Tumour endoproteases: the cutting edge of cancer drug delivery?

Abstract

Despite progression in anticancer drug development and improvements in the clinical utilization of therapies, current treatment regimes are still dependent upon the use of systemic antiproliferative cytotoxic agents. Although these agents are unquestionably potent, their efficacy is limited by toxicity towards 'normal' cells and a lack of tumour selective targeting, resulting in a therapeutic index which is modest at best. Consequently, the development of more tumour selective cancer treatments, with better discrimination between tumour and normal cells is unequivocally an important goal for cancer drug discovery. One such strategy is to exploit the tumour phenotype as a mechanism for tumour-selective delivery of potent therapeutics. An exciting approach in this area is to develop anticancer therapeutics as prodrugs, which are non-toxic until activated by enzymes localized specifically in the tumour. Enzymes suitable for tumour-activated prodrug development must have increased activity in the tumour relative to non-diseased tissue and an ability to activate the prodrug to its active form. One class of enzyme satisfying these criteria are the tumour endoproteases, particularly the serine- and metallo-proteases. These proteolytic enzymes are essential for tumour angiogenesis, invasion and metastasis, the major defining features of malignancy. This review describes the concept behind development of tumour-endoprotease activated prodrugs and discusses the various studies to date that have demonstrated the huge potential of this approach for improvement of cancer therapy.

Figure 1

Schematic representation of tumour endoprotease-activated prodrugs (TAPs). The prodrug is composed of three domains: a potent therapeutic agent (effector), an endoprotease-cleavable peptide sequence (trigger) and a linker to join the trigger to the effector. This TAP remains inactive until activation of the trigger. The presence of the endoprotease in the tumour but not in the ‘normal' tissues results in activation of the TAP trigger selectively in the tumour, causing the release of the potent effector and a subsequent therapeutic effect.

Figure 2

(a) Structure of tumour-activated prodrug incorporating the microtubule-targeted agent vinblastine targeted at the serine protease, prostate-specific antigen (PSA) (DeFeo-Jones et al., 2002). Vinblastine is attached at position 4 to an octapeptide incorporating a PSA-selective cleavage site.

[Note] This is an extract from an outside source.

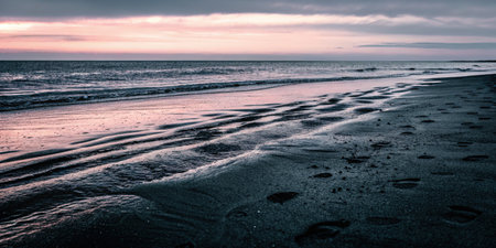 Soft waves gently lap at the shore as the sun sets on a tranquil beach, creating a serene atmosphere perfect for reflection and inspiration.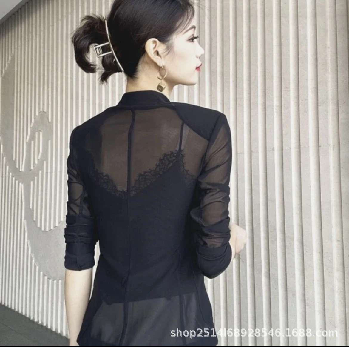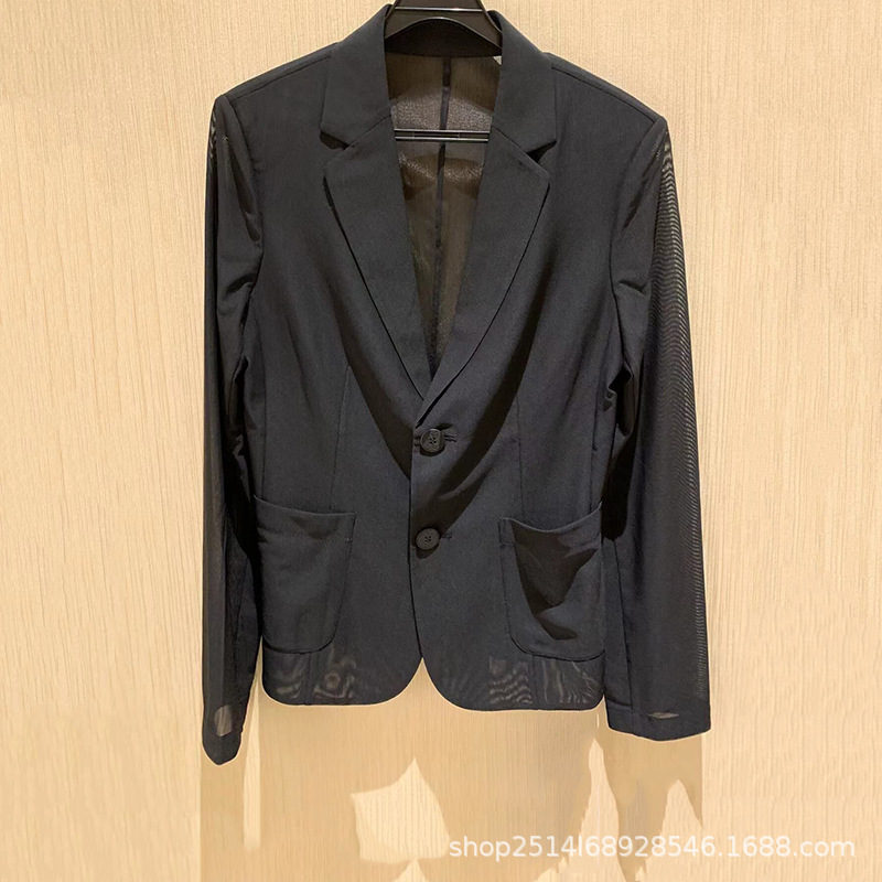 브라더스 쇼핑몰 새로운 2023 여름 패션 얇은 자외선 차단제 슬림핏 꽉 허리 메쉬 스티칭 원근법 세트 재킷스토어 가기

The prodrug is endcapped by acetylation to prevent nonspecific exopeptidase activation. (b) Schematic representation of prodrug activation by PSA. The cleavage site for PSA within the peptide is indicated by the arrow. Following the initial cleavage by PSA, the remaining amino-acid residues are removed rapidly by exopeptidases.

Figure 3

(a) Structure of matrix metalloproteinase (MMP)-targeted tumour-activated prodrug incorporating the cytotoxic agent doxorubicin (Albright et al., 2005). Doxorubicin is attached to a heptapeptide incorporating an MMP-selective cleavage site. The prodrug is endcapped by acetylation to prevent nonspecific exopeptidase activation and promote in vivo drug stability. (b) Schematic representation of prodrug activation by MMP with expected cleavage products. The cleavage site for MMP within the peptide is indicated by the arrow. Following the initial cleavage by MMP, the remaining amino-acid residues are removed rapidly by exopeptidases.